Influenza, krimfarang and A(H1N1)pdm09



    The outbreak of the influenza epidemic in 2009 caused disagreement over many things, including what to call the disease. Mexican flu, novel influenza, influenza (A(H1N1) and several others were proposed, but the term ’swine flu’ prevailed, and was appointed Word of the Year in Norway.

    Information material from the health authorities in the context of the swine flu in 2009. Photo: Christian Thomassen/SCANPIX
    Information material from the health authorities in the context of the swine flu in 2009. Photo: Christian Thomassen/SCANPIX

    The name «influenza» originated in Italy, hence the spelling with a z. It is derived from the Latin influentia, meaning influence, impact. At its root lies the Latin verb influere, which in Latin has the specific sense «to flow in, to stream into». This usage is related to how medieval astrologers claimed that a liquid flowed from the stars and the other celestial bodies down to Earth to influence the life of humans and the ways of the world (1).

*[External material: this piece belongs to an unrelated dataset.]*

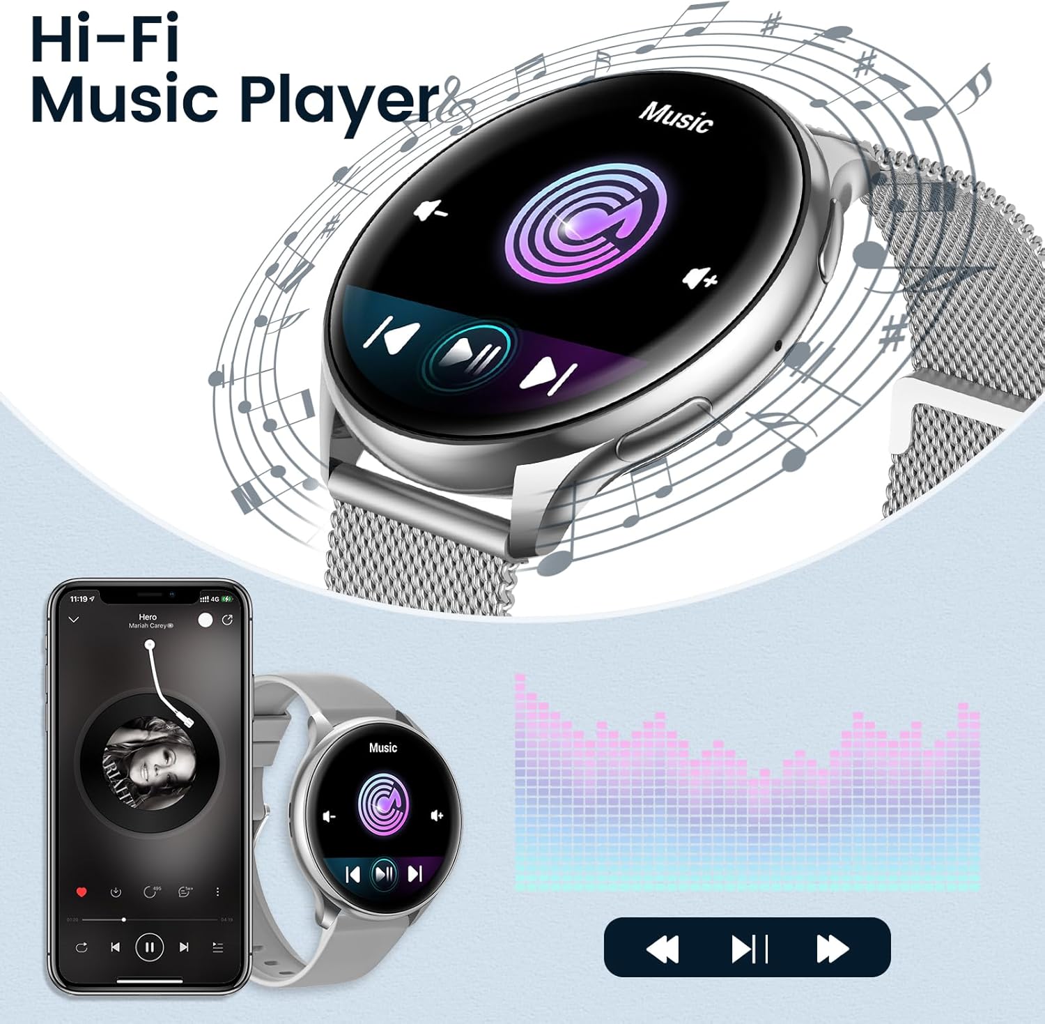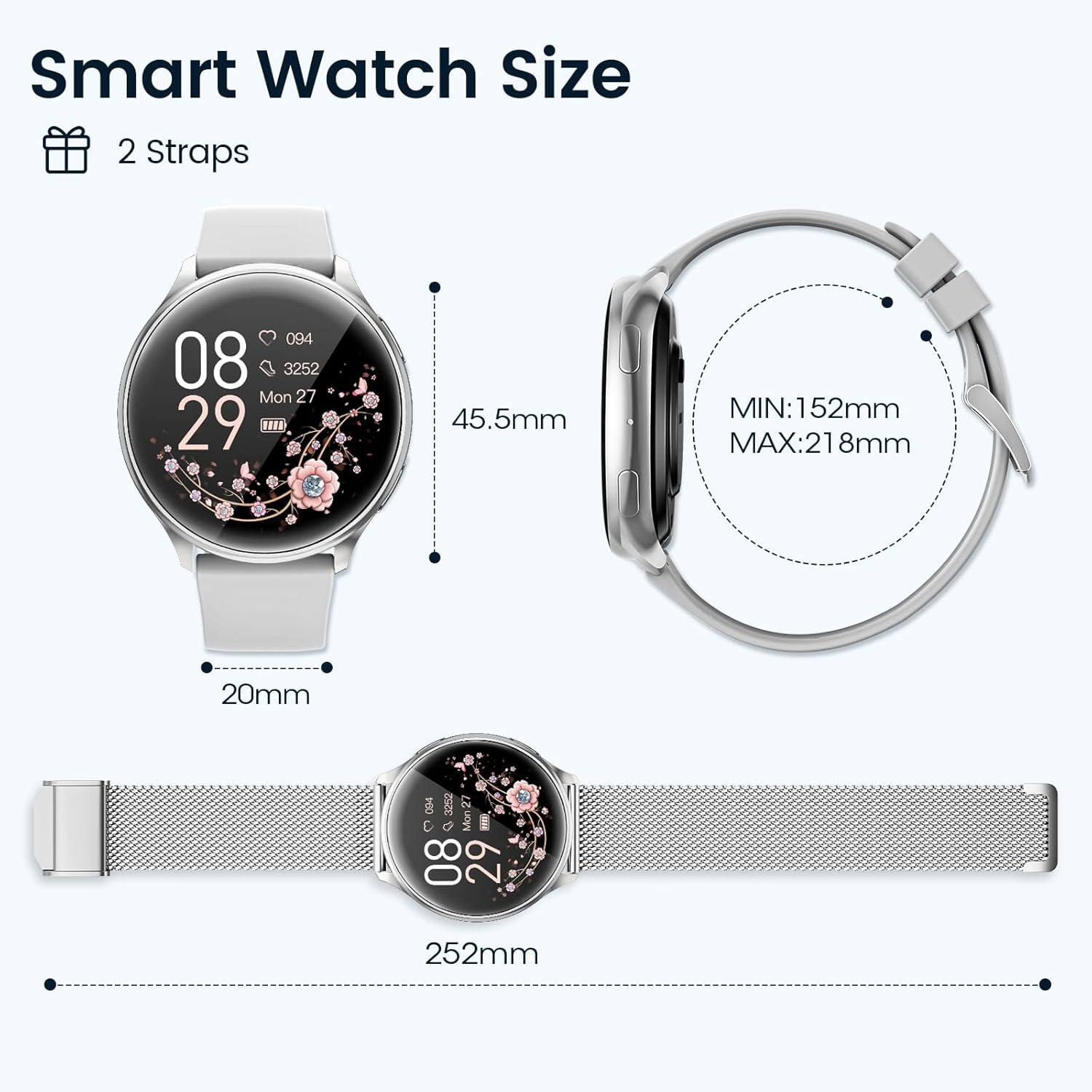 RUXINGX women's smart watch offers an elegant Milanese bracelet and a comfortable silicone strap, and your style can be changed as desired, which can easily handle different occasions.

    Krimfarang and common colds

    Krimfarang and common colds

    In the sense of «contagion, infection», influenza has been known in Italy since the early 16th century, but the term increased in usage only after an epidemic in that country in 1743 (2, 3). German and English adopted the Italian spelling influenza, and so did Danish and Norwegian. The term debuted in our languages in the early 19th century, but did not come into widespread use until the 20th (1). Following the spelling reform of 1907, Norwegians started writing influensa with an s (4), although several years would pass before this form of writing gained full acceptance (5). The Danes still stick to the z.

    In Norwegian, influensa is thus a loanword. It is common for such words to be adapted to the language into which they are loaned. In the Norsk Ordbok [Dictionary of Norwegian], we find a number of local variants: From Klæbu (Sør-Trøndelag County) we find innflæns, from Valdres innfluense and innfruense, from Modum (Buskerud County) innfelennsa and from Stor-Elvdal (in the Østerdalen valley) florensa. In Western Norway we find flunse and flonse (6).

    The indefatigable language reformer Knud Knudsen (1812 – 95) wanted to replace the foreign word influensa with something more Norwegian. He suggested krimfarang, omgangssnue, forkjølelsesfeber and grippe (7), but none of these caught on. Krimfarang is my personal favourite. It is composed of krim = common cold, coryza, and farang = local epidemic, i.e. a common-cold epidemic. This corresponds to the popular use of the word influensa, a severe case of the common cold (8).

    An important argument over words

    An important argument over words

    Influenza is not one, but three diseases: seasonal flu, pandemic flu and bird flu (9). When swine flu struck in 2009, an argument erupted, including with regard to terminology (10, 11). Was this a pandemic or not? And what should the disease be called?

    Some of the influenza epidemics have been given specific names: the Russian disease (1889), the Spanish flu (1918), the Asian flu (1957), the Hong Kong flu (1968) and the Russian flu (1977). The term swine flu was all but unknown to the public until the end of April 2009, but then suddenly things took off. During the remaining months of that year, the word was used more than 8 500 times in Norwegian newspapers, and at the end of the year it was selected as Word of the Year (12). However, the pig farmers of the world raised their hackles, and Yakov Litzman, Deputy Minister of Health in Israel, for religious reasons chose to use the term Mexican flu (13). Even though the name Mexican flu could fit well with the names for previous flu epidemics, this did not represent an optimal solution, both in terms of the stigmatisation involved and the uncertainty as to whether the virus really originated in Mexico (14). Some suggested «novel influenza» (13, 15), while the health authorities referred to it as «influenza A(H1N1)» and «pandemic influenza» and were criticised for doing so (16). A Norwegian researcher suggested that we ought to do like the meteorologists, who have a list of names for tropical cyclones. Thus they know in advance what to call the next one (17).

    And then? In October 2011 the WHO came to its conclusion. They have decided that the official name will be A(H1N1)pdm09 (18). We may not have heard the last word on this.